Set down exactly the lines that run from the one containing "Cordova's Ajax ski" to the end of the material below, both included, without pictures.

GIVEN MATERIAL:
^^^^^^^^^^^^^^^^

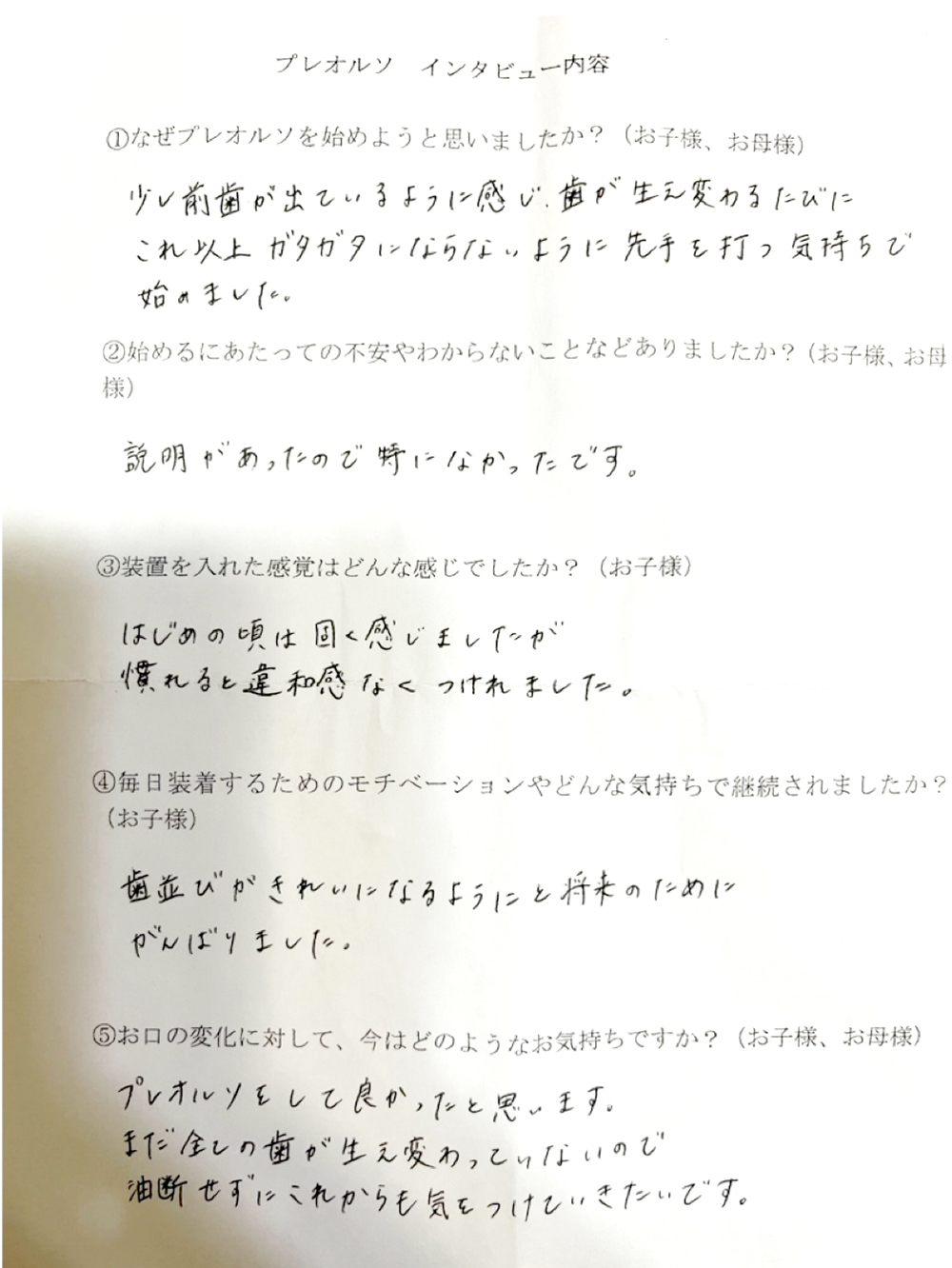 小学2年生から2年間プレオルソを頑張ってくれた患者様
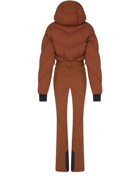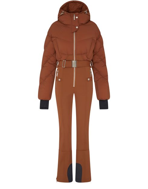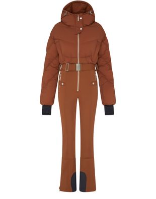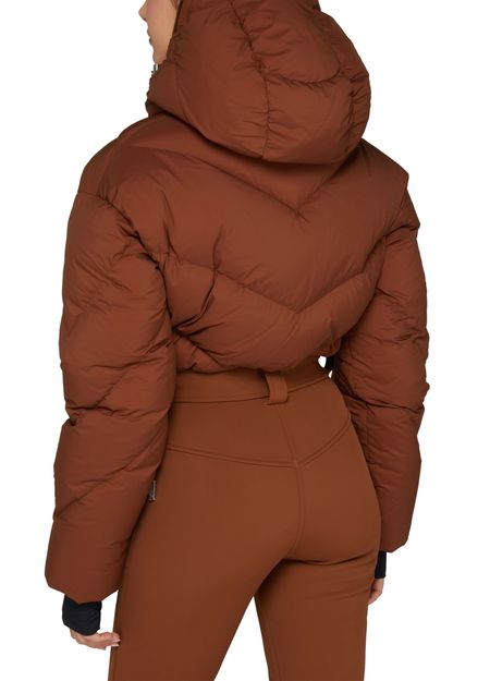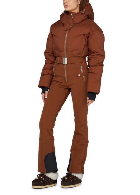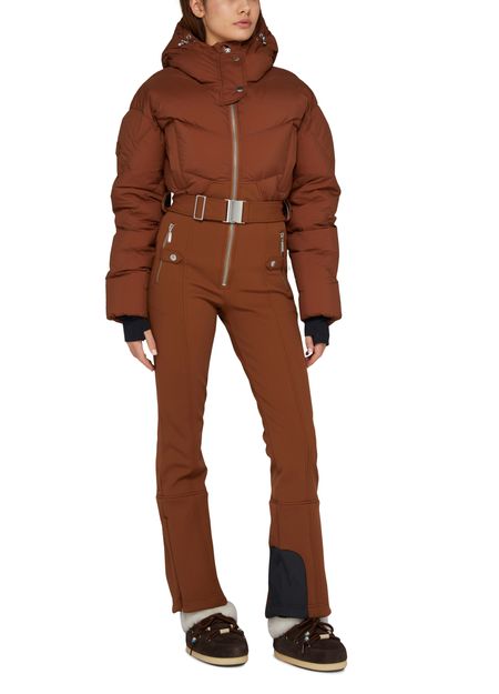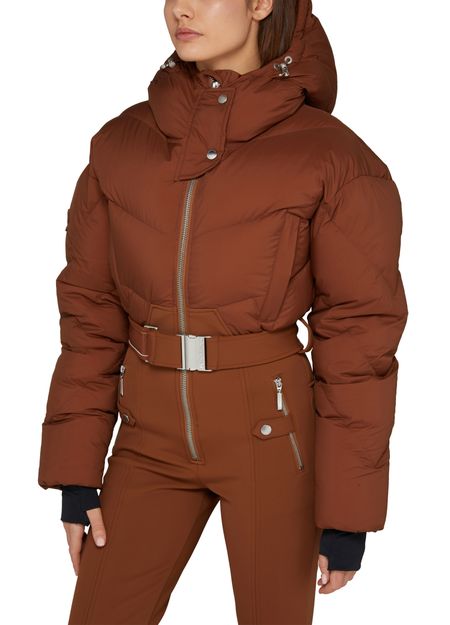Cordova's Ajax ski down jacket showcases a long silhouette with a secure zipper closure. Its padded texture and visible stitching offer both style and warmth. The long-sleeved design features cuffed sleeves, a cozy hood, and practical side welt pockets, while a belted waist enhances the flattering fit for any winter adventure.
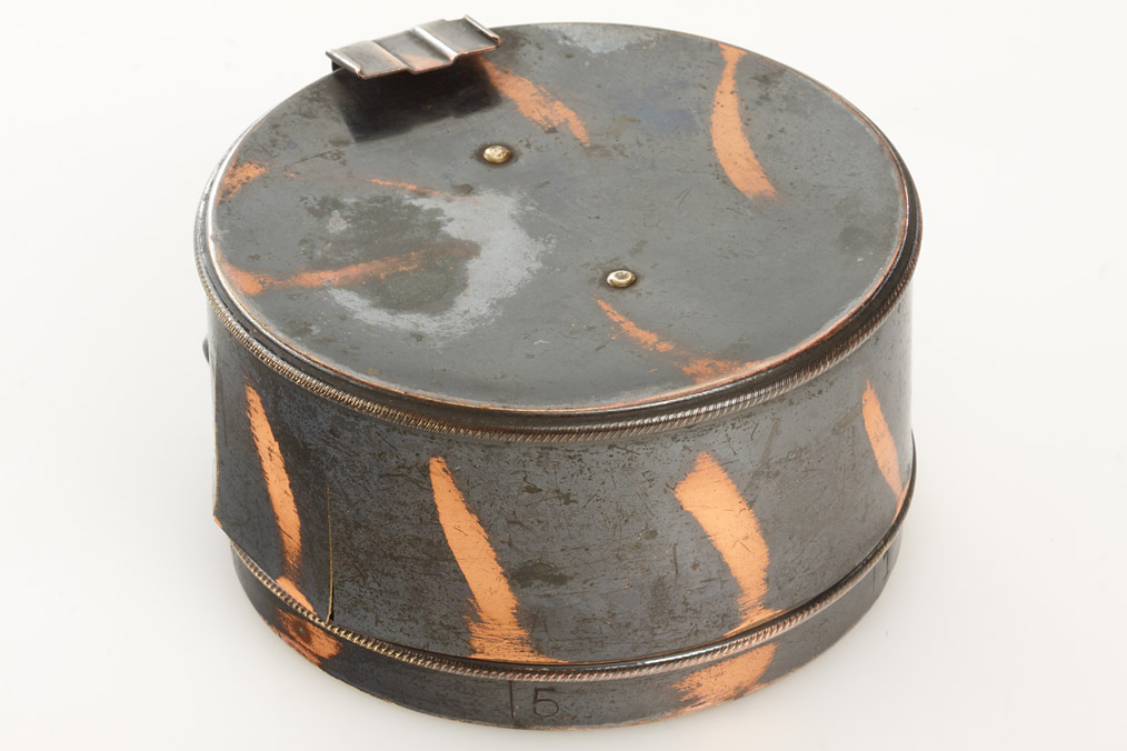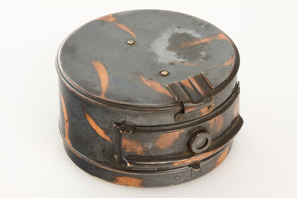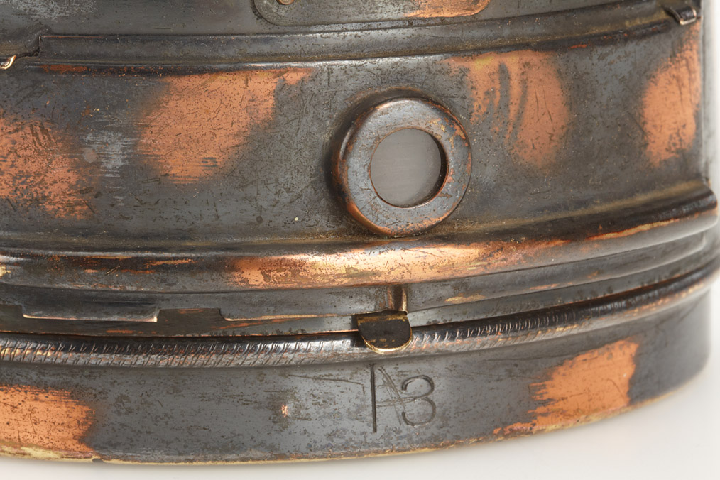 Seamless cylindrical camera for 5 exposures 5x5cm on plates, Achromat lens 14/120mm, rare and unusual. Designed by Henry E. Willsie of La Crosse Wisconsin. His camera was granted U.S. Patent 586,422 on the 29th September 1896 and was manufactured by the Chicago camera Co., Illiniois, with one exposed 5x5cm glass plate

^^^^^^^^^^^^^^^^

ANSWER TO THE EXERCISE:
Cordova's Ajax ski down jacket showcases a long silhouette with a secure zipper closure. Its padded texture and visible stitching offer both style and warmth. The long-sleeved design features cuffed sleeves, a cozy hood, and practical side welt pockets, while a belted waist enhances the flattering fit for any winter adventure.
 Seamless cylindrical camera for 5 exposures 5x5cm on plates, Achromat lens 14/120mm, rare and unusual. Designed by Henry E. Willsie of La Crosse Wisconsin. His camera was granted U.S. Patent 586,422 on the 29th September 1896 and was manufactured by the Chicago camera Co., Illiniois, with one exposed 5x5cm glass plate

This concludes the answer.